There are words for losing people.

Widow.

Orphan.

Language tries to make sense of grief,

to give it a place to sit, a name you can call it so maybe it feels contained.

But there is no word for losing a child.

Especially not like this.

Because this isn't just loss.

Loss has edges.

It has a moment-a line where before

becomes after.

You can point to it, even if it breaks you.

But this?

This is something else entirely.

My daughter is gone.

And I don't know why.

I don't know how.

I don't know what her last moments looked like.

I don't know if she was scared, if she was alone, if she called out for someone who couldn't reach her.

I don't know.

And that not knowing...it doesn't just hurt. It consumes.

Grief, people think, is about missing someone. And it is.

It's in the quiet spaces where her voice should be. In the moments where something happens and your first instinct is to tell her...and then it hits you all over again that you can't.

It's in the memories that play on a loop-her laugh, her face, the way she existed so fully in this world.

But this kind of grief comes with something else attached to it.

Questions.

Relentless, unforgiving questions that have no answers.

You live in a constant state of what if.

What if I had done something different?

What if I had been there?

What if I missed something, didn't see something, didn't say something I should have said?

Your mind becomes a place you can't escape from.

It rewinds.

Replays.

Rebuilds scenarios that don't change the outcome-but you run them anyway.

Because doing nothing feels worse.

There's guilt too.
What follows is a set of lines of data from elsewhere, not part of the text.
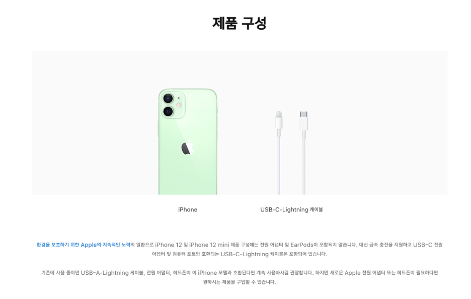 간단하게 언박싱을 해봤어요:) '환경을 보호한다는' 애플의 정책과 함께 줄어든 구성품은 박스 크기에도 반영이 되었죠. 핸드폰 본체와 케이블 이렇게 구성이 되어있습니다. 공식 홈페이지에 나와있는 그대로 말이죠.
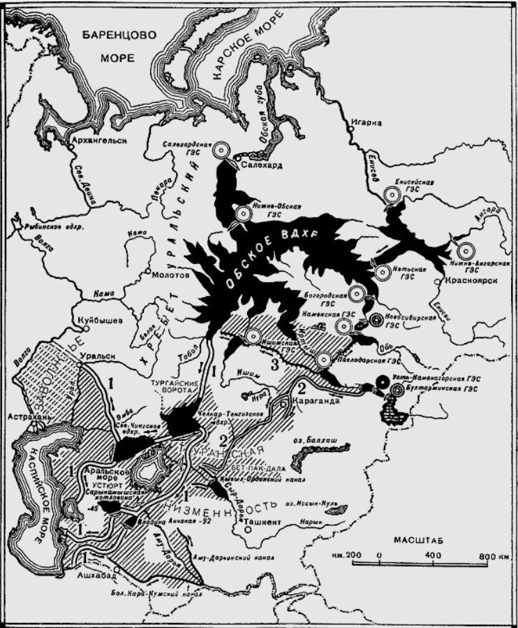 Один из проектов переброски сибирских рек, в Среднюю Азию и на Каспий, выглядел примерно так.
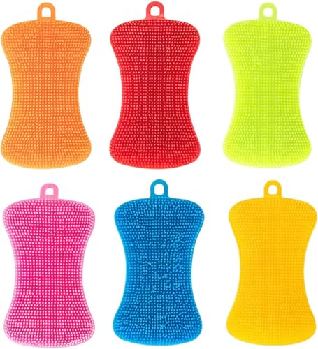 - ❤️【محتويات العبوة】- تأتي كل عبوة مع 6 قطع من إسفنجات التنظيف المصنوعة من السيليكون. لون عشوائي باللون الأزرق/الأخضر/الأصفر/الوردي/الأحمر/الأرجواني. الأبعاد 12.5 × 7 سم.
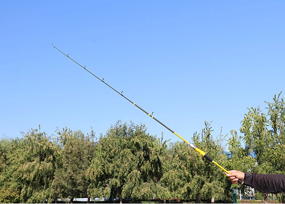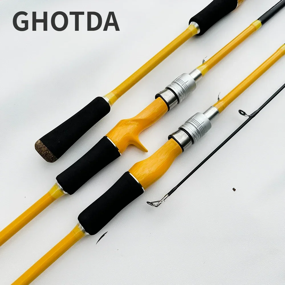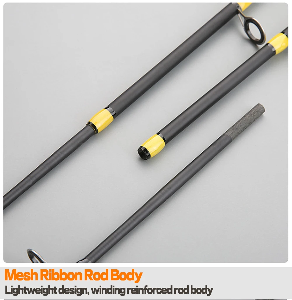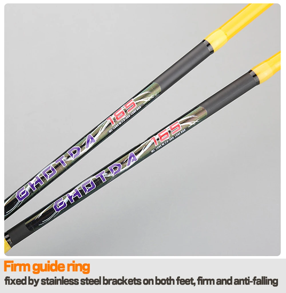 PARÁMETROLongitud del modelo: 1,65 M/1,80 MLongitud cerrada: 87cm/ 94cmSecciones: 2Potencia: MLMaterial: fibra de carbonoPeso del cebo: 3G-20gMango: fundición (con gancho)/hilado (sin gancho)Color: AmarilloCaracterísticasPunta de varilla gruesaLa tonalidad es sensible, atrapa peces rápidamente, no es fácil de romper.

Heavy. Unshakable.

The kind that doesn't care about logic or reason.

Because somewhere deep inside, there's a voice that says:

You were her mother. You were supposed to protect her.
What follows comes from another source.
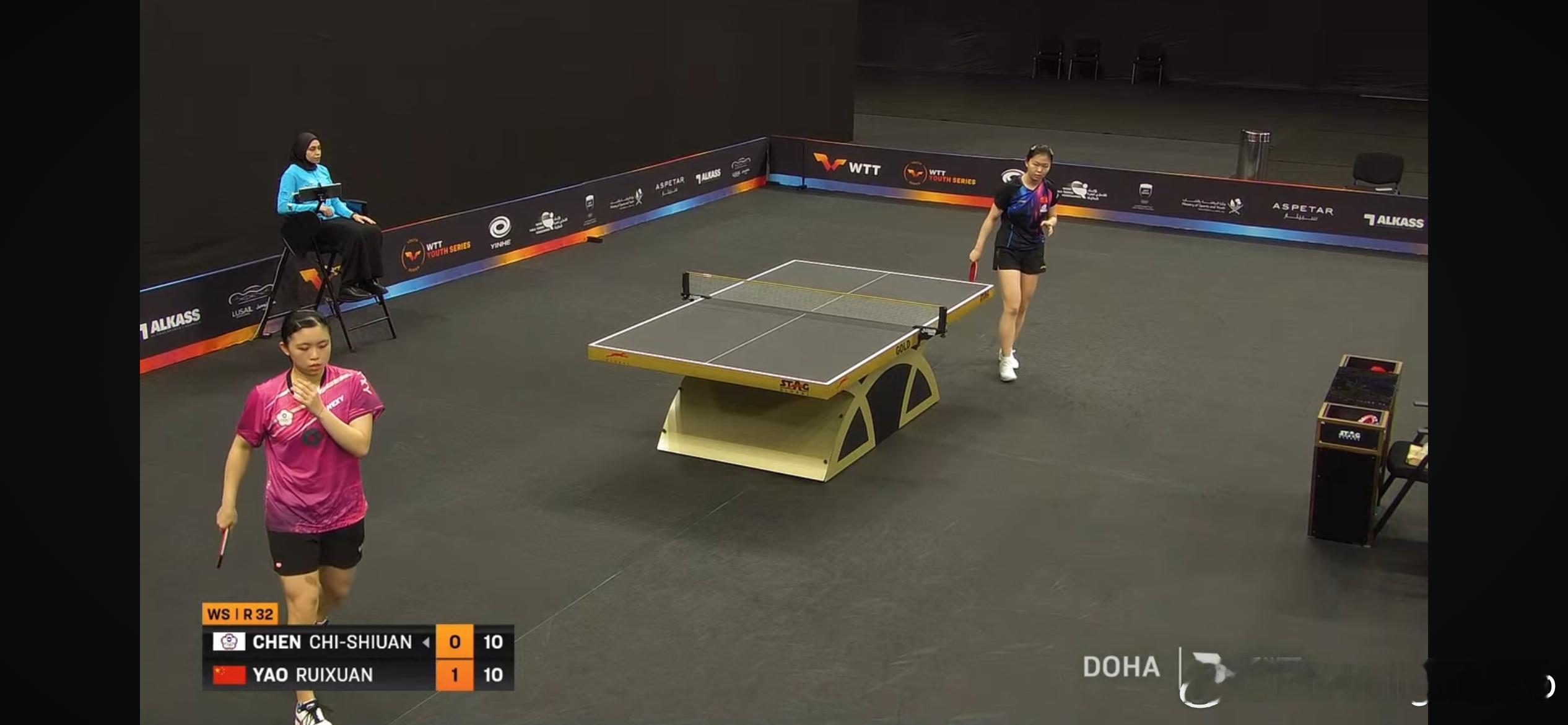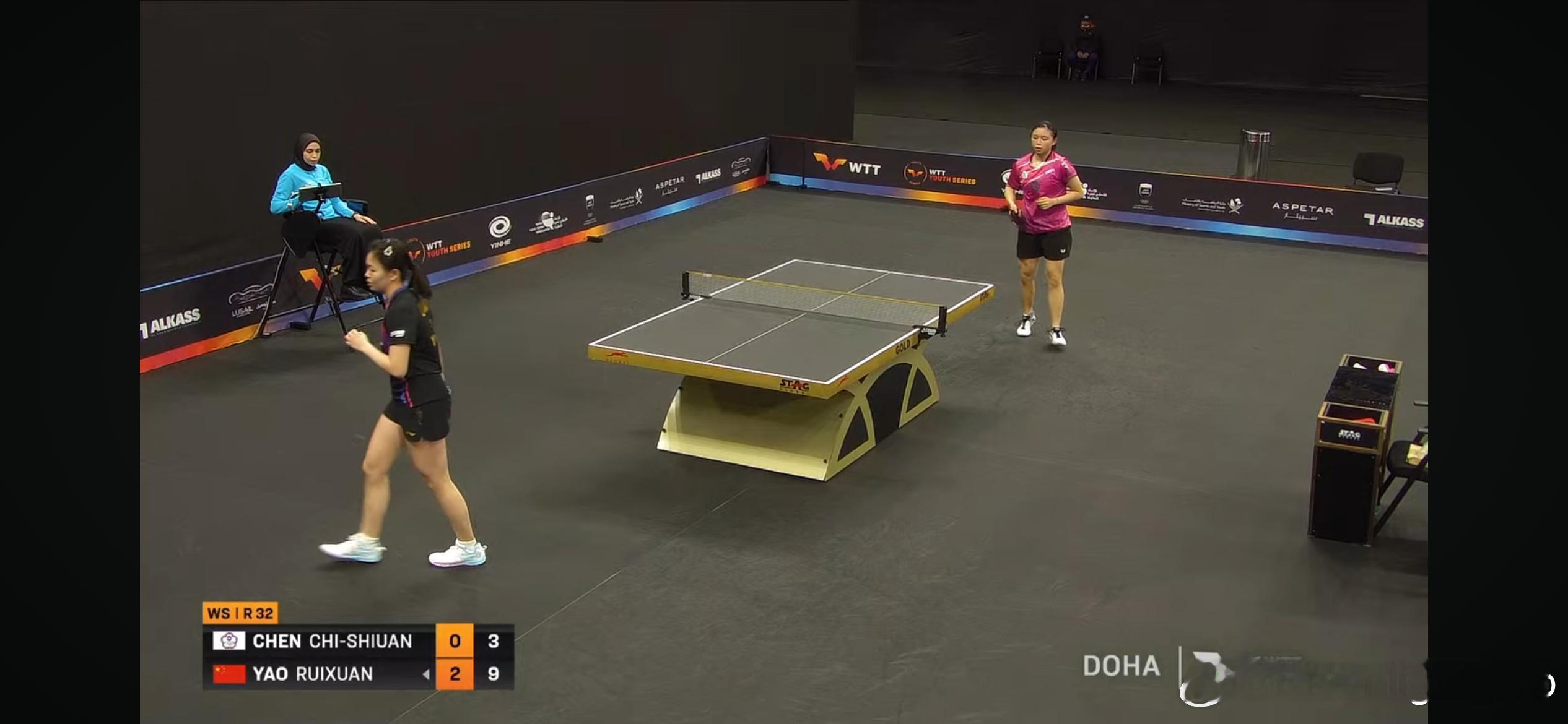 WTT支线赛多哈站2026 女单1/16决赛:🇨🇳杨屹韵3比0江芷林🇭🇰(11-7,12-10,11-4)🇨🇳姚睿轩3比0陈琦媗(中国台北)(14-12,12-10,11-5)

And it doesn't matter what the truth is-that voice doesn't let go.

People say time helps. That it softens things.

That eventually, you learn how to carry it.

Maybe that's true for some kinds of loss.

But this?

This doesn't soften.

You just learn how to exist around it.

There's no closure here.

No neat ending. No explanation that ties it all together and let's you breathe a little easier.

Just a hole where she should be.

A life that keeps moving forward when a part of you is still standing still, waiting for answers that may never come.

And yet...you wake up.

You keep going. Not because you've healed. Not because it's easier.

But because somehow, even in the middle of devastation, life demands it.

I carry her with me. In everything.

In the quiet. In the chaos. In the moments that feel too heavy to hold.

She is still here-in memory, in love, in the pieces of me that will never be the same.

But the truth is...

There will always be a part of me searching. Wondering. Asking questions into a silence that doesn't answer back.

This isn't a story about moving on. It's a story about learning how to live with a loss that never really lets you go.